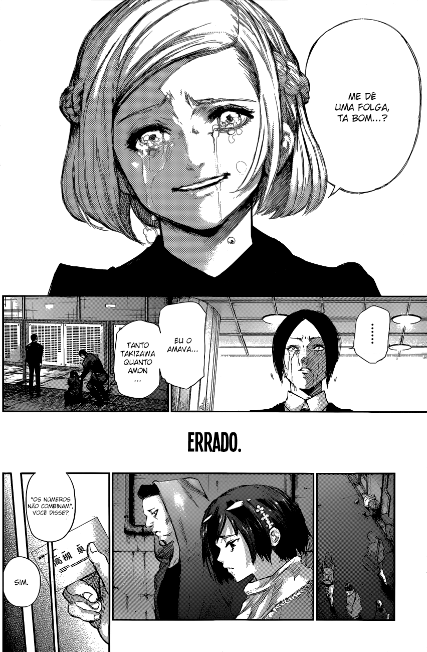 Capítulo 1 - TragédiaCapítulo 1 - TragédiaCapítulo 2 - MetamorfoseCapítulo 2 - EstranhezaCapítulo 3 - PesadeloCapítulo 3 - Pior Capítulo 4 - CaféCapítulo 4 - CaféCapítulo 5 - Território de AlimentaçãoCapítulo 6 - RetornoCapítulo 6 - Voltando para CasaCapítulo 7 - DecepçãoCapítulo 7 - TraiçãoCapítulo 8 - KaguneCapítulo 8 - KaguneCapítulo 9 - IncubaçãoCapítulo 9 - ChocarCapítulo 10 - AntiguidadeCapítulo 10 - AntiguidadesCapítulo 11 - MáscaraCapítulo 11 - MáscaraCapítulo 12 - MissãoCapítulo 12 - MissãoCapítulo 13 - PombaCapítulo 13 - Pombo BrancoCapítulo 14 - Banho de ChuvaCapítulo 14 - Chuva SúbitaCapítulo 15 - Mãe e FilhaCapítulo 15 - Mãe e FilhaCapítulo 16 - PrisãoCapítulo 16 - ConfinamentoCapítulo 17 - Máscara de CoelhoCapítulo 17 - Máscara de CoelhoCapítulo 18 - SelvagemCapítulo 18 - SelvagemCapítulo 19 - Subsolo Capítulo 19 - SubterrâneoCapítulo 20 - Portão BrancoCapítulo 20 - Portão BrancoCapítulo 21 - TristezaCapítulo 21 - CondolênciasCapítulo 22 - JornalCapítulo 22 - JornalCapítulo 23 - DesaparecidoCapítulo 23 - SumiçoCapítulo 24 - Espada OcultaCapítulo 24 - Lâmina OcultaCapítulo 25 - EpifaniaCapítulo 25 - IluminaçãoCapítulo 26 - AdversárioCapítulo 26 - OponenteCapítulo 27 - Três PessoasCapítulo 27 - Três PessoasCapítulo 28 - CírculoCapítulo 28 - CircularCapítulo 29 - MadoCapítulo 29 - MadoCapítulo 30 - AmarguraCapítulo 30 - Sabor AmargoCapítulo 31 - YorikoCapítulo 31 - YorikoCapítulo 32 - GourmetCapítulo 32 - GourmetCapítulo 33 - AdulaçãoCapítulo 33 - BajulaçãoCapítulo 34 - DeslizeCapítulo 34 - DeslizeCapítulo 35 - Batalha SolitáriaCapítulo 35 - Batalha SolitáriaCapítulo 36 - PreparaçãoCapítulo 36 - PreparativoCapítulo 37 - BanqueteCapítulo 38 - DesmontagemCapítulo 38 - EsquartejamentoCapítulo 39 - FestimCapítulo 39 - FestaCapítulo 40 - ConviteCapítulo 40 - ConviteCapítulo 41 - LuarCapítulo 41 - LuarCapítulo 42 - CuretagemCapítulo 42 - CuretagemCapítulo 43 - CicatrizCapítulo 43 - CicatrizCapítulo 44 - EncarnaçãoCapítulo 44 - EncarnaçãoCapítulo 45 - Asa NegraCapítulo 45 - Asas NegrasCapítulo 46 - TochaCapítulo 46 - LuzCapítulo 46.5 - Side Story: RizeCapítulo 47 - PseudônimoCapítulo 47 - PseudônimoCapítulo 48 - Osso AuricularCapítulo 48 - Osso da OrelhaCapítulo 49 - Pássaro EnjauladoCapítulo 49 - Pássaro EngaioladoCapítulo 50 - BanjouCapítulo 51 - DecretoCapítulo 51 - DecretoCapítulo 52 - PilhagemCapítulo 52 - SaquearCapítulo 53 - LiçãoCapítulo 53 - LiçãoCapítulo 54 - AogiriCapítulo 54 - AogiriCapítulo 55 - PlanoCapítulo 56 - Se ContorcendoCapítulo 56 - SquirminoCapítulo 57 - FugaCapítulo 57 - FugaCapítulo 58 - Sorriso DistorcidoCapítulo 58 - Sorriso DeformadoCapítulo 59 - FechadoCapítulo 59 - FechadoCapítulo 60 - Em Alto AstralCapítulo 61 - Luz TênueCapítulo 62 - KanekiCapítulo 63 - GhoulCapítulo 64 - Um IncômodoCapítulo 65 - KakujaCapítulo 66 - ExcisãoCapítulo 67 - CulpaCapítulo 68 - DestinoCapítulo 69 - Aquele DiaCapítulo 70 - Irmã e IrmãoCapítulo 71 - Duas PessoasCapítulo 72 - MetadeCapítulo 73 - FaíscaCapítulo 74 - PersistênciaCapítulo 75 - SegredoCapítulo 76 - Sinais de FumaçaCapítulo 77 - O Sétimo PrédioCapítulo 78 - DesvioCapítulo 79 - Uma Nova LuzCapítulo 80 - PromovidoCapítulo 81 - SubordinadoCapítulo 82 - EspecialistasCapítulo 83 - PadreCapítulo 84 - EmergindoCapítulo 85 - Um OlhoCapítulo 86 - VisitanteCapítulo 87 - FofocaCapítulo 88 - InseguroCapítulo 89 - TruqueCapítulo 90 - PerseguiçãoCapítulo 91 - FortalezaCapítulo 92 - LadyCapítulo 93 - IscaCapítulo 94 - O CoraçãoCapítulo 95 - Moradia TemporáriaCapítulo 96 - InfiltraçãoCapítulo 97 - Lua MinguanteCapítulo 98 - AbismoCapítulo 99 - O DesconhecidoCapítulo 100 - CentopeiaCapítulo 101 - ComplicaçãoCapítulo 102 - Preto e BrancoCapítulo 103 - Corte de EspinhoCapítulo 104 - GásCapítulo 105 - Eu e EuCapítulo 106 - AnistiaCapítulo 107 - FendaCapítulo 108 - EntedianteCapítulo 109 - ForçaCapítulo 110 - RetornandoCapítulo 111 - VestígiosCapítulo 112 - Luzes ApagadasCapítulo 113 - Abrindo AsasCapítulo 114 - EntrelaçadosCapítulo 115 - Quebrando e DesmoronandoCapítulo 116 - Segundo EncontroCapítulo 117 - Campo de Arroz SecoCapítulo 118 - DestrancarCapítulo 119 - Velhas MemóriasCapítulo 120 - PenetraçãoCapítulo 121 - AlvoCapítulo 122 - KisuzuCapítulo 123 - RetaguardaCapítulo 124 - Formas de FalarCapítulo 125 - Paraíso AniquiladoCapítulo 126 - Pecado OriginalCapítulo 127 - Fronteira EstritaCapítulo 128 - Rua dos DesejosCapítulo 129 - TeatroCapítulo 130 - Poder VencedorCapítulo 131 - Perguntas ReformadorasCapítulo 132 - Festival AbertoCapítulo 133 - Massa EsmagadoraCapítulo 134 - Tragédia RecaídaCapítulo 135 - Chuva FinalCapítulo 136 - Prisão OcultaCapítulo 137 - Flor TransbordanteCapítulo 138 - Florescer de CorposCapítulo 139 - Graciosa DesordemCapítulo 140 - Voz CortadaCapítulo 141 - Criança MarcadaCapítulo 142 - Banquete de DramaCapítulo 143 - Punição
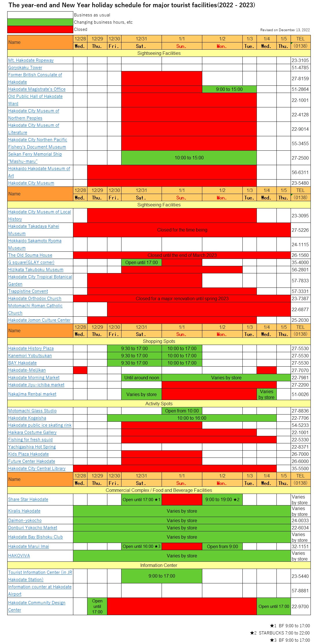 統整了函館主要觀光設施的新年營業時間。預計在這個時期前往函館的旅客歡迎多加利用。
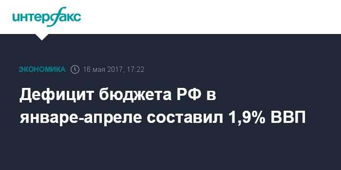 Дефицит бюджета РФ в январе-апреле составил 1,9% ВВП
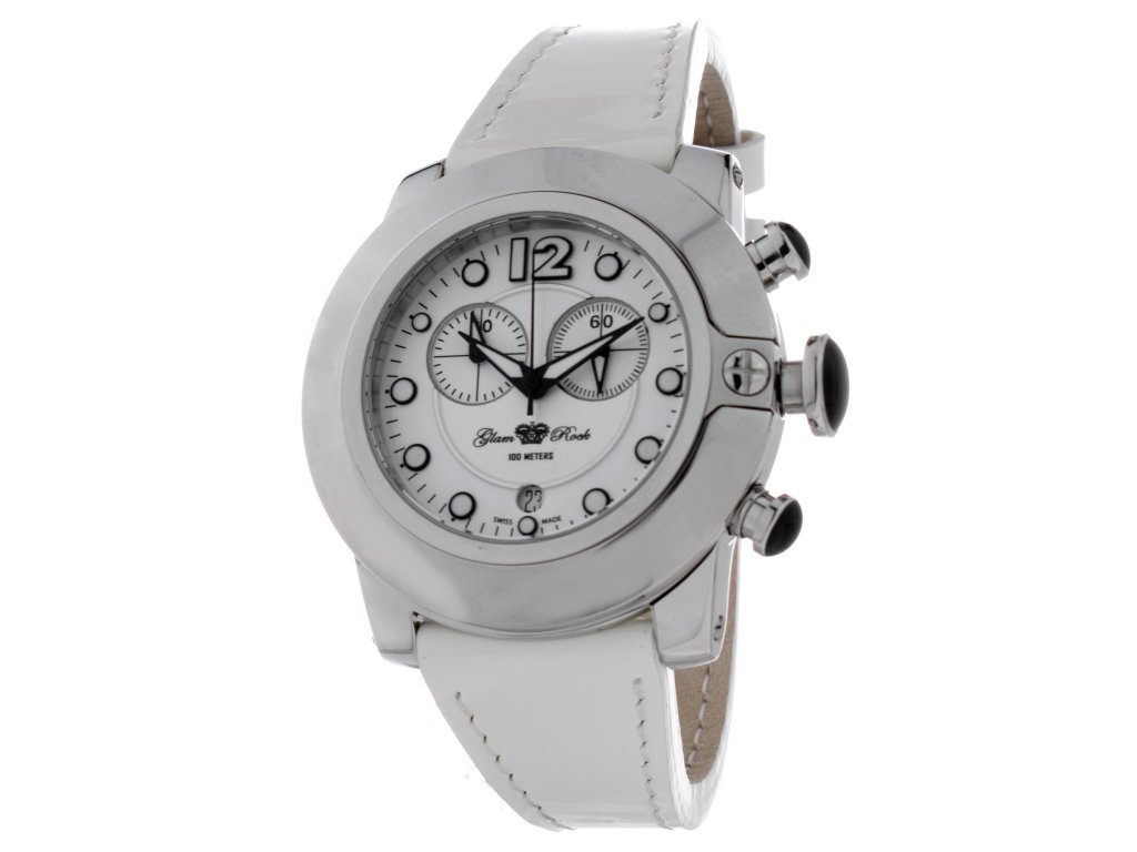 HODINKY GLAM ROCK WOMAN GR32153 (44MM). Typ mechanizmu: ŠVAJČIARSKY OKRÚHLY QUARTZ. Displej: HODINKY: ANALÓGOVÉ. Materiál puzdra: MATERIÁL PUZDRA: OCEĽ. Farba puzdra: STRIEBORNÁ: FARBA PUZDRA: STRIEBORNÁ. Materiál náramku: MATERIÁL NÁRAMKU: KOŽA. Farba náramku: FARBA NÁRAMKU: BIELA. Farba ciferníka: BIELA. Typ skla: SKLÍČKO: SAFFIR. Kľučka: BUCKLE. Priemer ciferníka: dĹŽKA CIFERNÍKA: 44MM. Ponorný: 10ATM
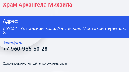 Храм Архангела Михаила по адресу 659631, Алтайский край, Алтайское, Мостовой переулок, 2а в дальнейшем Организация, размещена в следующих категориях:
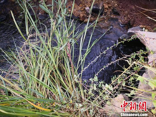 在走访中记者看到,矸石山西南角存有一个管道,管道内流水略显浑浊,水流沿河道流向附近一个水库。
============================================================
Copy exactly, and only, the lines running from the one containing "Храм Архангела Михаила" through the final line of the data, and omit the pictures.

Solution to this problem.
 Храм Архангела Михаила по адресу 659631, Алтайский край, Алтайское, Мостовой переулок, 2а в дальнейшем Организация, размещена в следующих категориях:
 在走访中记者看到,矸石山西南角存有一个管道,管道内流水略显浑浊,水流沿河道流向附近一个水库。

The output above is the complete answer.